Merge Conflict
When version control cannot automatically combine changes because different branches modified the same code incompatibly.
Also known as: Git Conflict, Merge Conflict Resolution, Resolving Merge Conflicts
Category: Concepts
Tags: software, version-control, git, collaboration, problem-solving
Explanation
A merge conflict occurs in version control when Git cannot automatically reconcile changes because different branches modified the same lines of code in incompatible ways. Resolving merge conflicts requires manually deciding which changes to keep, combining them, or creating an entirely new solution.
When Git encounters a conflict during merge or rebase, it pauses the operation and marks the conflicted sections in the files. Each conflict shows both versions with conflict markers: `<<<<<<< HEAD` shows your current changes, `=======` separates them, and `>>>>>>> branch-name` shows the incoming changes. You must edit the file to resolve the conflict, remove the markers, stage the resolved file, and complete the merge.
Good conflict resolution requires understanding both sets of changes: what problem each was solving and whether they're compatible. Sometimes you keep one version, sometimes the other, sometimes both (if they're independent), and sometimes neither—you create a third solution that addresses both concerns.
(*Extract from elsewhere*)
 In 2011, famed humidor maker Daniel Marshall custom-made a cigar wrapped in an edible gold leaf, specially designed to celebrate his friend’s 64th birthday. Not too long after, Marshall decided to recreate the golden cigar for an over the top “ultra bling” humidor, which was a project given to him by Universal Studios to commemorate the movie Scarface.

This requires technical understanding and often communication with the other authors.
Strategies to minimize conflicts include: committing and merging frequently (creating smaller conflicts), coordinating who works on what files, refactoring to reduce code interdependencies, and using feature toggles to isolate changes. However, some conflicts are inevitable in collaborative work and represent genuine tensions between different approaches that require human judgment.
Merge tools and IDE integrations make conflict resolution easier by providing visual diffs, 3-way merge views, and semantic understanding of code. Despite automation, the decision of how to resolve conflicts ultimately requires human understanding of the code's purpose.